START ENTRIES SUPPLIED
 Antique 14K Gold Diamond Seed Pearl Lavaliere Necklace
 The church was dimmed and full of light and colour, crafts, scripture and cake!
END ENTRIES SUPPLIED
START ENTRIES SUPPLIED
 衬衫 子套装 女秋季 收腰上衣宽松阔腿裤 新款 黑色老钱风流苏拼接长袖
END ENTRIES SUPPLIED
START ENTRIES SUPPLIED
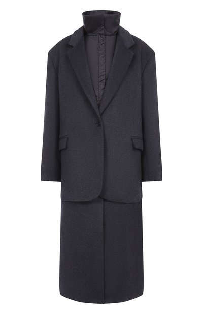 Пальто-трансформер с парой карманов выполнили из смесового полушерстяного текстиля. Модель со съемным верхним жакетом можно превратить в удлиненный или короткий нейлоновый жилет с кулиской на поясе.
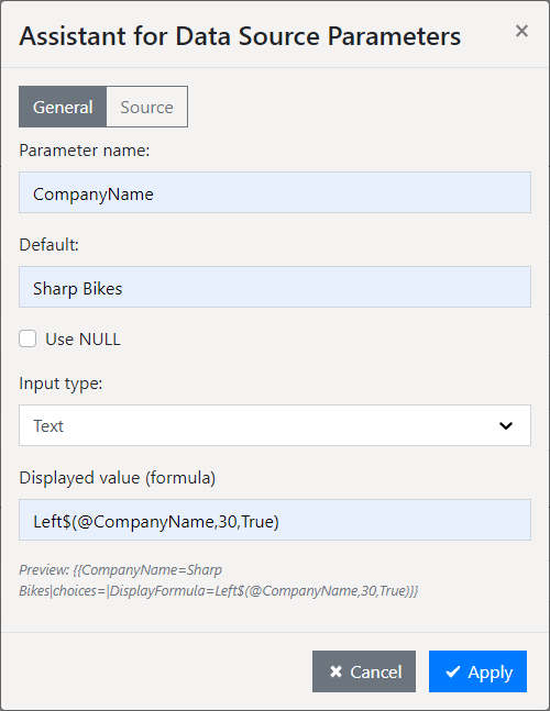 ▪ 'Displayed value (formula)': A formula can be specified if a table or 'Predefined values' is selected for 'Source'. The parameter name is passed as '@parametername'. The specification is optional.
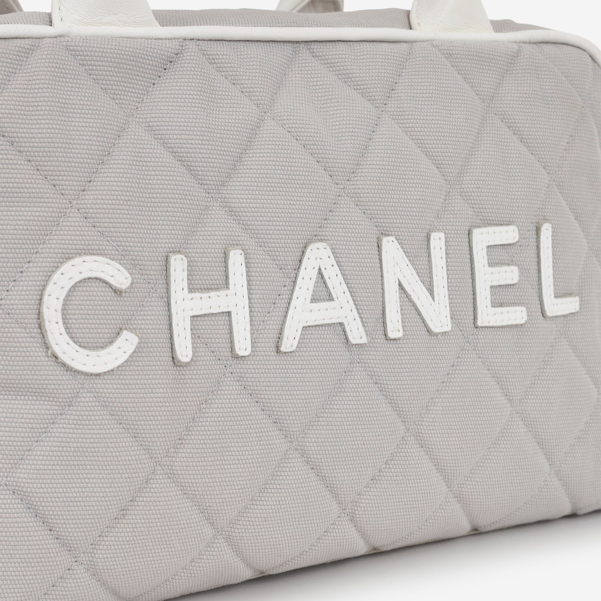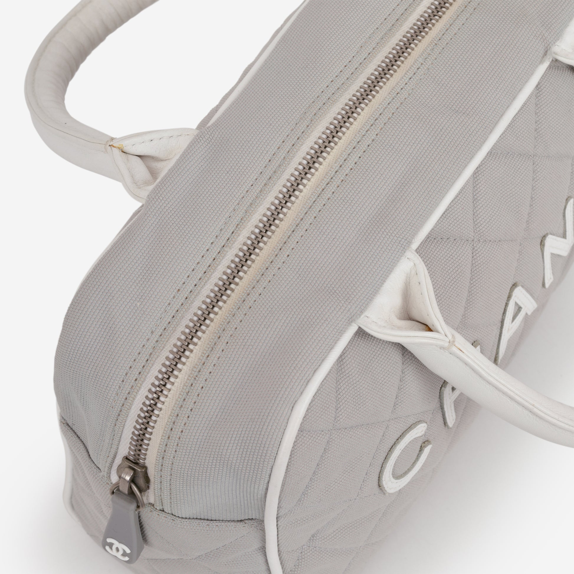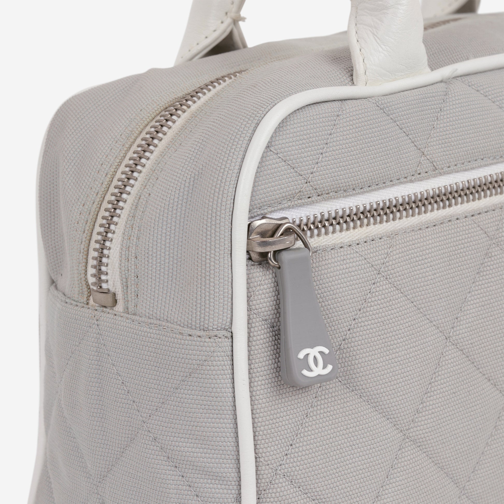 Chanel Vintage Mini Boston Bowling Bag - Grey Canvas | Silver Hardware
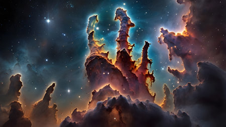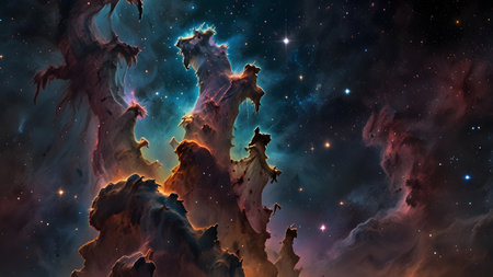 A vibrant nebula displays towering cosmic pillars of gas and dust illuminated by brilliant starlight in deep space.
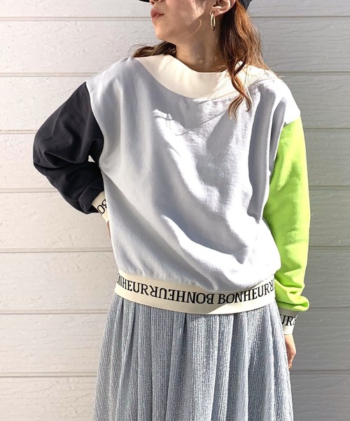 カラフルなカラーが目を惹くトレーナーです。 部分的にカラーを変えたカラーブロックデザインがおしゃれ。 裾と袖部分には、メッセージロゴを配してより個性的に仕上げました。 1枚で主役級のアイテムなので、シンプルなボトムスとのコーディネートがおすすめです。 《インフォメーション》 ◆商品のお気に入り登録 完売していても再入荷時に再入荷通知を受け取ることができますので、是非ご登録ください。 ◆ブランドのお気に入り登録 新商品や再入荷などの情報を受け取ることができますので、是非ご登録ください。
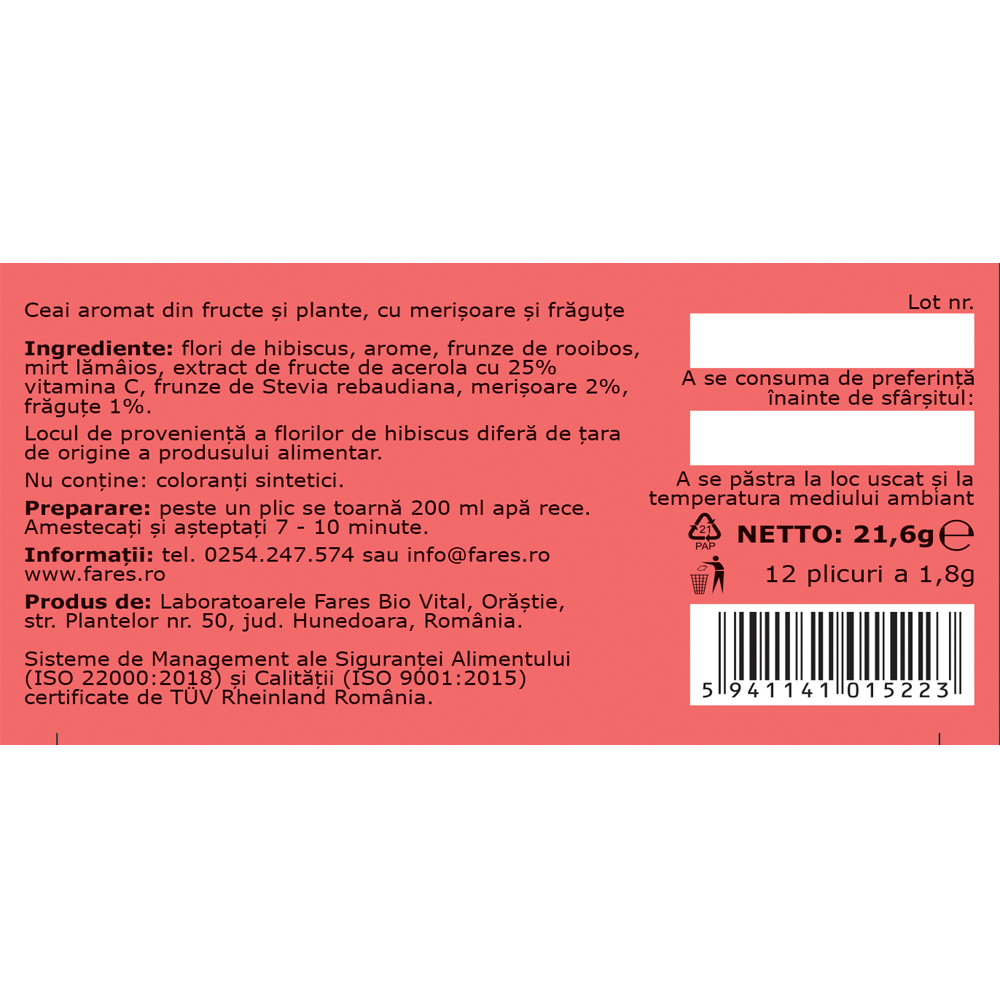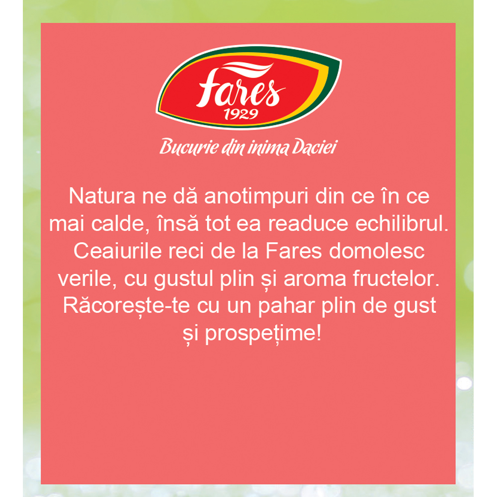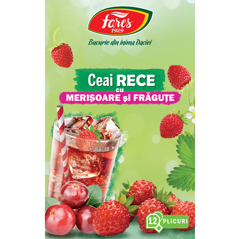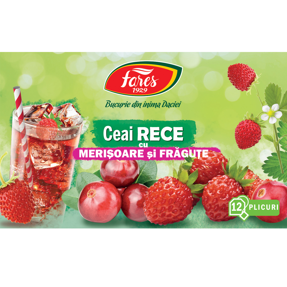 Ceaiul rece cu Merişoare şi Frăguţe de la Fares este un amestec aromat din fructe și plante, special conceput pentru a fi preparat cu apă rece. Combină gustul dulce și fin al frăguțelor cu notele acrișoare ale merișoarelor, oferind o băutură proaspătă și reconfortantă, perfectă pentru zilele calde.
END ENTRIES SUPPLIED
Copy word for word the lines above, starting at the line containing "Chanel Vintage Mini" and ending at the line containing "Ceaiul rece cu", inclusive, with no pictures.

 Chanel Vintage Mini Boston Bowling Bag - Grey Canvas | Silver Hardware
 A vibrant nebula displays towering cosmic pillars of gas and dust illuminated by brilliant starlight in deep space.
 カラフルなカラーが目を惹くトレーナーです。 部分的にカラーを変えたカラーブロックデザインがおしゃれ。 裾と袖部分には、メッセージロゴを配してより個性的に仕上げました。 1枚で主役級のアイテムなので、シンプルなボトムスとのコーディネートがおすすめです。 《インフォメーション》 ◆商品のお気に入り登録 完売していても再入荷時に再入荷通知を受け取ることができますので、是非ご登録ください。 ◆ブランドのお気に入り登録 新商品や再入荷などの情報を受け取ることができますので、是非ご登録ください。
 Ceaiul rece cu Merişoare şi Frăguţe de la Fares este un amestec aromat din fructe și plante, special conceput pentru a fi preparat cu apă rece. Combină gustul dulce și fin al frăguțelor cu notele acrișoare ale merișoarelor, oferind o băutură proaspătă și reconfortantă, perfectă pentru zilele calde.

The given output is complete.